# Vizio Smart TV Download not Available



## cbillado (Mar 24, 2015)

Here is what is going on. I have a Vizio 60ei1-A3 and a brand new Vizio E700i-B3, Both are smart tvs. The 60" worked fine up until about 3 weeks ago and then all of a sudden it would not connect to the internet (maybe firmware upgrade with router?). It would connect to my router (BEC-7800N R2) but would not access the internet (download not available). I though it was a "tv" issue so i bought a brand new 70" Vizio and same issue, Download not Available. Here is where it gets interesting and confusing.

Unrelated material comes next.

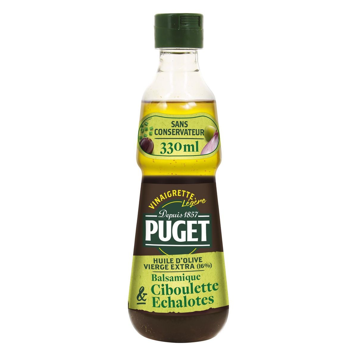 "La vinaigrette légère vinaigre Balsamique, ciboulettes & échalotes et huile d'olive vierge extra (16%) PUGET est allégée en matières grasses*. Une vinaigrette qui allie l'huile d'olive, la puissance aromatique de l'échalote et la fraicheur de la ciboulette. Idéale pour assaisonner une salade ou des crudités ! Une recette sans conservateur ! Produite en France. *57% de matières grasses en moins par rapport à une vinaigrette classique à 75% de matières grasses. "

I have an ATT Mcell that allows me to get full cell service at my house through my ISP. This means that the Mcell is connected to my router. I set my Cell phone up as a mobile hotspot and connected both tv's to it and just like that they worked. Download seed was between 7-10mb/s. I disconnected the tv's from the mobile hotspot and then connected back to my network via wifi and wired ethernet and they now both work. Same download speeds. As soon as I shutoff the televisions and then turn back pn and try to connect i get the Download not available message again. I have been at this now for about a week, done all the basic things such as power cycle, talked to Vizio tech support and they had me do the basic things again. I beleive this is a router issue (maybe a port being blocked) and i need some help from someone who really knows networking. Any help is appreciated. Thanks


----------



## cbillado (Mar 24, 2015)

Anyone?


----------